One of the other males rests his head on a branch nearby.
The biggest of the four South Pride Males walks by, showing us his stunning profile. His mane is looking very full, and they are getting stronger by the day it seems. They have not behaved territorially as of yet, but it could be soon...
A young elephant bull passes close to us, showing off his long eyelashes as well as the reason for them: with all the vegetation they move through, their damp eyes attract lots of debris.
On a less rainy day, we were able to have another sighting of the Sparta cubs, and this time they were slightly more keen to stay out in the open! Here, one of them chews on a stick after having stolen it from her sister.
Playing in lion cubs often imitates hunting behaviour in adults. Here they both playfully employ the strangle tactic on each other.
Update on the hyena den site... they just keep growing! Our visit this week luckily had one of the mothers present, so the youngsters were out and about. This cub's mother, however, was not there, so he (or she) seemed to jealously pace around the other cubs who were suckling on their mother.
One of the more exciting sightings of the week was watching the Tutlwa female hunt and kill an impala lamb, and take it back to where we presume she had left her cubs. As with any 'kill' sighting, particularly during the daytime, when we get back to camp the question is always, did you get photos? Well, I did get a photo... but unfortunately this was it! Seeing a kill is rare enough as it is, but seeing a photographable one is even harder. Here, the impala lamb was lying in the tall grass before she pounced on it. Sometimes you just have to enjoy the sighting and not worry about taking photos!

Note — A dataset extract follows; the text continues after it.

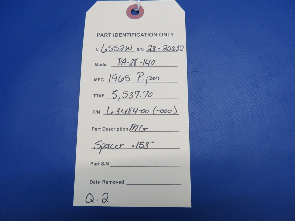 Piper PA-28-140 Cherokee Main Gear Spacer. 0.153" wide. P/N 63484-00, 63484-000. Due to multiple quantities buyer may not receive exact item pictured. Removed in good condition from a parted out 1965 Piper PA-28-140 Cherokee N6552W, S/N 28-28-20632. TTAF 5,537.70. Guaranteed to pass inspection or your money back.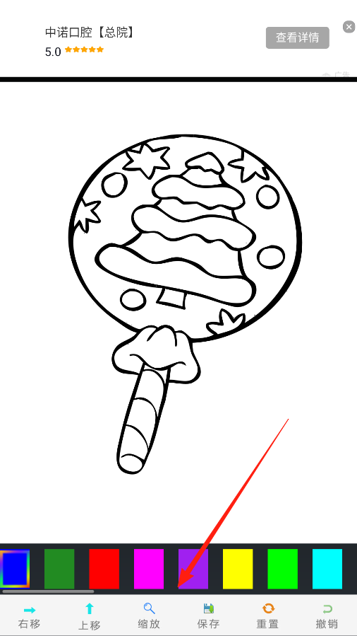 3、用底部色塊給圣誕棒棒糖上色,縮放功能可以調(diào)整細(xì)節(jié)部位,畫(huà)錯(cuò)時(shí)點(diǎn)撤銷按鈕,保存作品前還能用重置功能整體重來(lái),查看詳情能看到其他用戶的配色靈感。

Luckily the aftermath was photographable! Here she demonstrates her strength and determination as she drags the carcass in the direction of where we think her cubs were hidden.
She walked for a very long time, pausing occasionally to catch her breath. We were secretly hoping to watch her hoist it in a tree, but also knew her main goal was to get close to her cubs, who were in an area inaccessible with our vehicle. We can only hope she and her two youngsters enjoyed the meal safely!